The add_spout method takes three arguments and an optional config parameter:

ArgumentData typeDescriptionDefault
namestrThe unique identifier assigned to this spout
spout_clsclassThe subclass of Spout that defines this spout
parintThe number of instances of this spout in the topology
inputsdict or listEither a dict mapping from HeronComponentSpec to Grouping or a list of HeronComponentSpecs, in which case the shuffle grouping is used
configdictSpecifies the configuration for this spoutNone

Example

The following is an example implementation of a word count topology in Python that subclasses TopologyBuilder.

from your_spout import WordSpout
from your_bolt import CountBolt

from heronpy.api.stream import Grouping
from heronpy.api.topology import TopologyBuilder


if __name__ == "__main__":
    builder = TopologyBuilder("WordCountTopology")
    # piece together the topology
    word_spout = builder.add_spout("word_spout", WordSpout, par=2)
    count_bolt = builder.add_bolt("count_bolt", CountBolt, par=2, inputs={word_spout: Grouping.fields("word")})
    # submit the toplogy
    builder.build_and_submit()

Note that arguments to the main method can be passed by providing them in the heron submit command.

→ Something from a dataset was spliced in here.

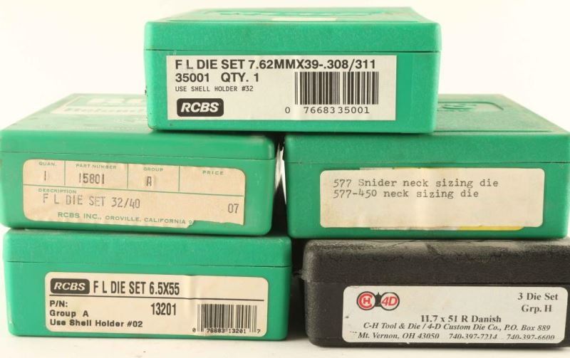 6.5X55, 32/40, 577 Snider neck sizing Die 577-450 neck sizing die, 11.7X51R Danish, 7.62mmx39-308-311 From The John F Sukey Collection
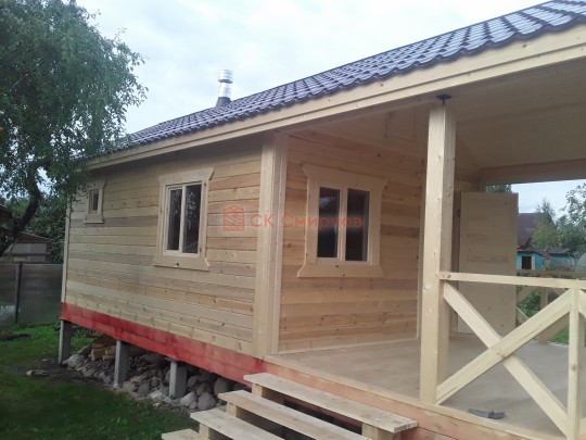 Для строительства бани под ключ по проекту №300 подходит сухой и клееный брус

Topology-wide configuration

If you‘re building a Python topology using a TopologyBuilder, you can specify configuration for the topology using the set_config method. A topology’s config is a dict in which the keys are a series constants from the api_constants module and values are configuration values for those parameters.

Here's an example:

from heronpy.api import api_constants
from heronpy.api.topology import TopologyBuilder


if __name__ == "__main__":
    topology_config = {
        api_constants.TOPOLOGY_ENABLE_MESSAGE_TIMEOUTS: True
    }
    builder = TopologyBuilder("MyTopology")
    builder.set_config(topology_config)
    # Add bolts and spouts, etc.

Launching the topology

If you want to submit Python topologies to a Heron cluster, they need to be packaged as a PEX file. In order to produce PEX files, we recommend using a build tool like Pants or Bazel.

If you defined your topology by subclassing the TopologyBuilder class and built a word_count.pex file for that topology in the ~/topology folder. You can submit the topology to a cluster called local like this:

$ heron submit local \
  ~/topology/word_count.pex \
  - # No class specified

Note the - in this submission command. If you define a topology by subclassing TopologyBuilder you do not need to instruct Heron where your main method is located.

Example topologies buildable as PEXs

  • See this repo for an example of a Heron topology written in Python and deployable as a Pants-packaged PEX.
  • See this repo for an example of a Heron topology written in Python and deployable as a Bazel-packaged PEX.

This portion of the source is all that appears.